Perfect Darkness is the fifth studio album from British musician Fink, and the fourth to be recorded with his self-titled band. It was released on 13 June 2011 on Ninja Tune.

Background
The album was recorded in the space of 20 days with the intention of capturing a "sense of right nowness" and an "organic sounding recording". The title was chosen because it sounded "really first-tracky" to the band. Behind the title is also a deliberate misinterpretation of the genre of folk, and the album is described by Greenall not to be "a collection of songs about being dumped or ships leaving meadows or whatever it is people think folk's supposed to be nowadays, [it] is not that at all."
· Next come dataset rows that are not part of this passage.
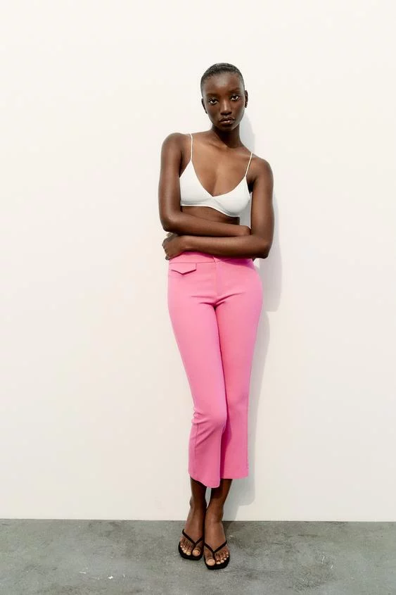 La quinta prenda que hemos elegido es este top entallado fucsia de escote cuadrado y manga sisa. Forro interior combinado a tono. Destaca su cierre lateral con cremallera oculta en costura.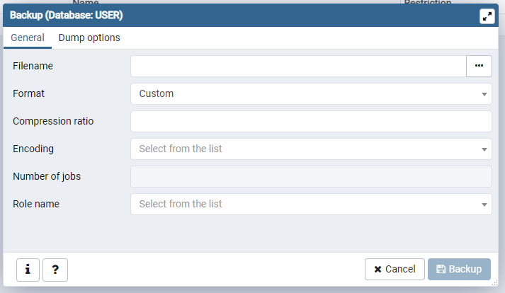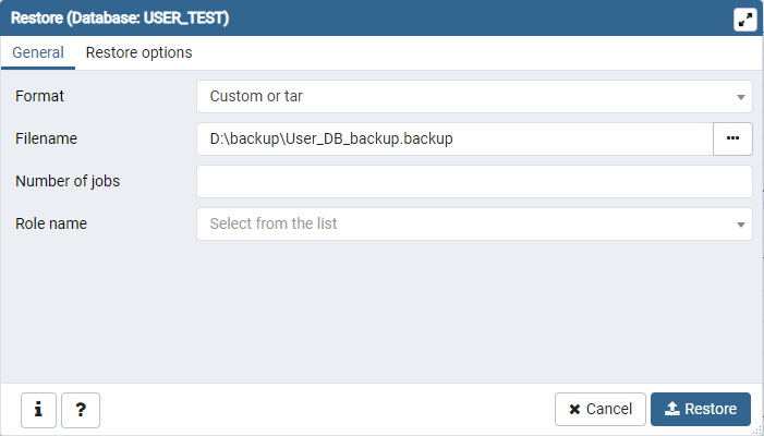 Filename을 먼저 작성합니다. 저는 local에서 User_DB_backup.backup이라는 파일을 미리 생성해 두었습니다.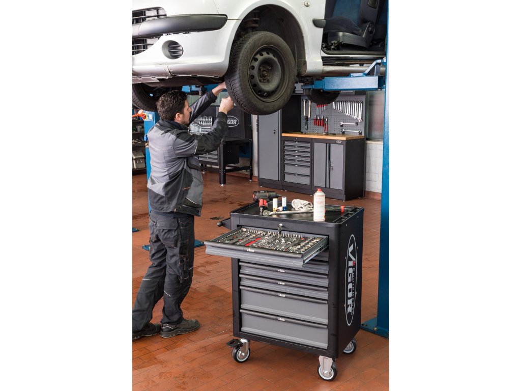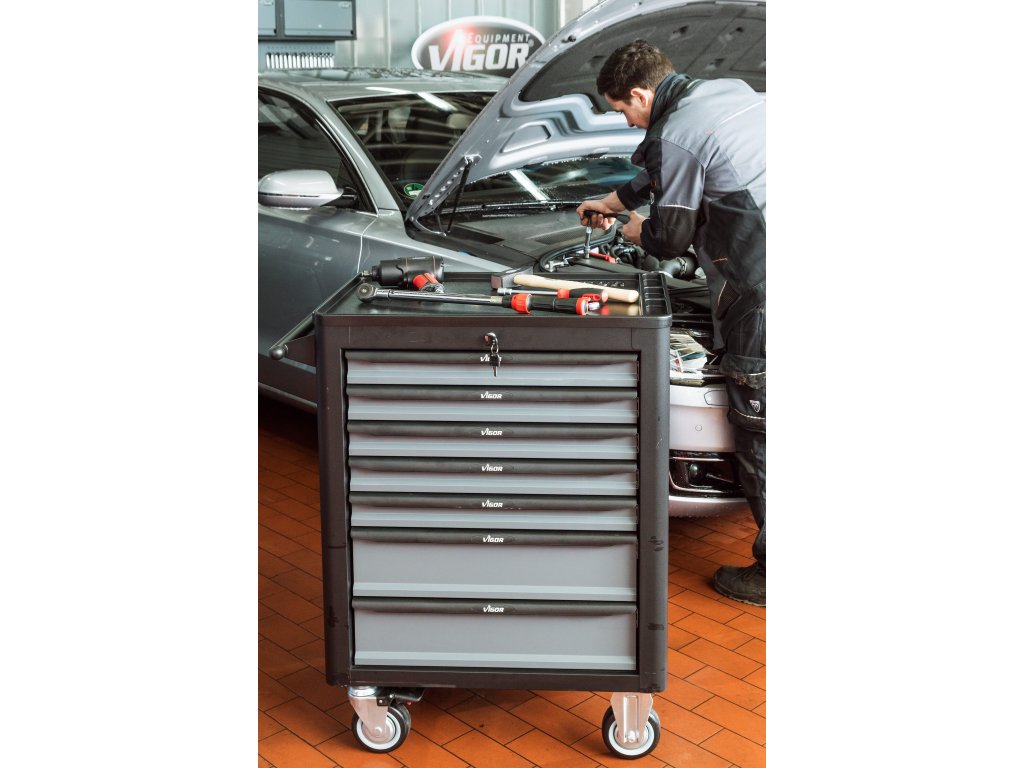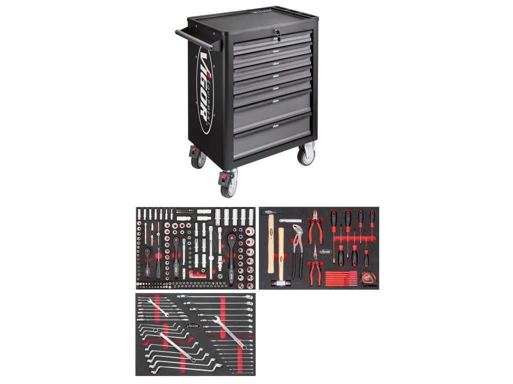 Vybavený montážny vozík s náradím, 248 dielov, so 7 zásuvkami a centrálnym zamykaním - VIGOR V4219

The album was produced by Billy Bush (who has worked with artists such as Beck and Garbage) and recorded in Brighton and Los Angeles.

Critical reception
Perfect Darkness was met with "generally favorable" reviews from critics. At Metacritic, which assigns a weighted average rating out of 100 to reviews from mainstream publications, this release received an average score of 69 based on 7 reviews.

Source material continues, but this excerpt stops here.